Managing an employee like these can be challenging, but with the right tools you’ll be prepared to handle any situation that comes your way. 

When working with a difficult employee it is always best to be direct and upfront in a timely manner. This is where most leaders slip up. They’re so worried about what to say and how to say it that the message is usually not delivered clearly if it is even delivered at all. 

When addressing the issue clearly identify the facts of the situation and convey the impact they are having. For example:

  • “I have noticed that you have turned in the last three projects late. This has made it challenging for the rest of the team who are dependent on your work to complete their assignments.”
  • “In the team meeting today you made a comment about [XYZ]. I noticed that it made many members of the team feel uncomfortable, especially Ryan, who seemed to be targeted by your words.”
  • “I appreciate you working so hard on your assignments. However, I have noticed that many details are frequently left out or are incorrect. This has caused some confusion and frustration with our customers.”

Once you have addressed the problem, make sure you allow the employee to share their perspective of the situation. My favorite go-to questions are: “Can you help me understand what is going on?” or “What is your perspective?” It’s important to understand where the employee is coming from in order to best come up with an action plan that works for everyone.

After you and the employee have been able to have a conversation where there is mutual understanding on both sides, create an action plan with the employee to correct the problem behavior. 

At times this performance plan may need to be formal and documented with Human Resources, but most often it is a plan just between you and the employee. Include the employee in as much of this process as possible. If they have felt a part of the process, they are more likely to follow-through and be successful. 

Lastly, write the plan down and make sure that both you and the employee have access to the plan. Don’t forget to follow-up frequently and to offer assistance if needed.

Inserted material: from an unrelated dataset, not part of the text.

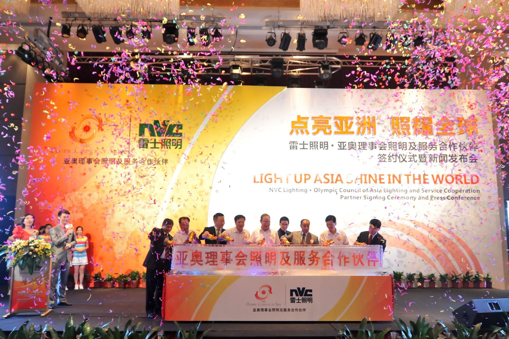 因此,此次簽約活動引起各界的高度重視和支持。亞奧理事會總干事侯賽因,廣東省人民政府副省長佟星,惠州市委副書記、市長李汝求,廣東省政府副秘書長林英,惠州市副市長李選民等省市領導,以及廣州亞組委、天津東亞運動會、沈陽全運會、青島世園會、河南農運會等相關部門領導,雷士照明董事長吳長江等嘉賓出席了當天的簽約儀式。

Occasionally, it may be necessary to part ways with the employee if they are unable to correct their behavior, and that is ok. Ultimately, you want the employee, your team, and the company to be successful. Sometimes the best thing for all parties is to go their separate ways; however, in my experience, most employees want to do a good job. They may just need a bit more guidance and support to be successful in their role. Great leaders have the biggest impact on making great employees.